As the TU put it, “a new law requires sellers to remove any discriminatory restrictive covenants from property deeds before a sale. Such covenants are already unenforceable but remain in certain paperwork as harmful remnants of past segregation policies that contributed to racial ownership gaps, proponents said.”  

This NPR piece from 2021 notes that Racial covenants, a relic of the past, are still on the books across the country. “Although the Supreme Court ruled the covenants unenforceable in 1948 and although the passage of the 1968 Fair Housing Act outlawed them, the hurtful, offensive language still exists — an ugly reminder of the country’s racist past.”

See pieces from Mapping Prejudice, a 2024 news piece from Spokane, and a recent NPR segment from Milwaukee.
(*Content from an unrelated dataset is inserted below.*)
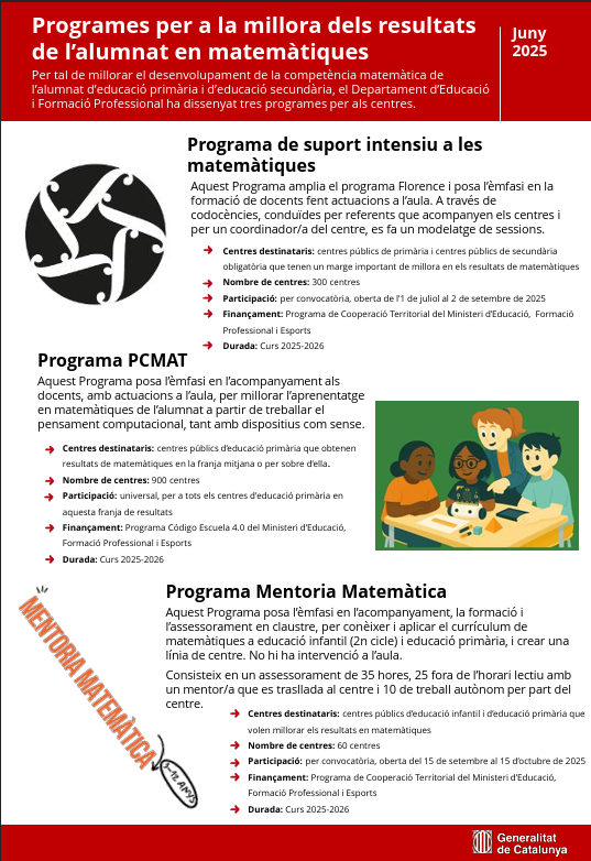 Programes per a la millora dels resultats de l’alumnat en matemàtiquesPer Josep Iu Cortès / 07/07/2025 / CRP General Matemàtiques Portada Robòtica

Also, one can read Racial Covenants and Segregation, Yesterday and Today by Richard R.W. Brooks and Carol M. Rose from 2010, from New York University School of Law.

For instance
Here’s an example from El Cerrito, San Diego, for a house built in 1950-1951, with the restriction placed in 1950.

 “(15) That neither said lots nor portions thereof or interest therein shall ever be leased, sold, devised, conveyed to or inherited or be otherwise acquired by or become property of any person other than of the Caucasian Race.
“(16) That neither said lot nor any portion thereof shall ever be lived upon or occupied by any person other than of the Caucasian strictly in the capacity of servants or employees actually engaged in the service of such occupant, or in the care of said premises for such occupant, such circumstances shall not constitute a violation of this condition.”

The difficulty of removing a covenant on a house-by-house basis varies from state to state.  A 2021 PBS report from San Diego suggests it’s reasonably doable in California.   

Times Union: “Similar actions in Virginia, Florida, and other states helped build momentum in New York [for the legislation]. In December 2020, a group in Monroe County removed racial covenants from the deeds of hundreds of homes in the town of Brighton that prohibited the sale of properties to non-white buyers. The bill previously passed the state Assembly in 2021 and 2023 but stalled in the Senate.”

The topic resonates with me in part because my parents had difficulty even renting in my hometown of Binghamton, NY. My mother was more light-skinned than my father, and landlords feared renting to a “mixed-race” couple. They ended up living in a building at 5 Gaines Street that was owned by my maternal grandmother.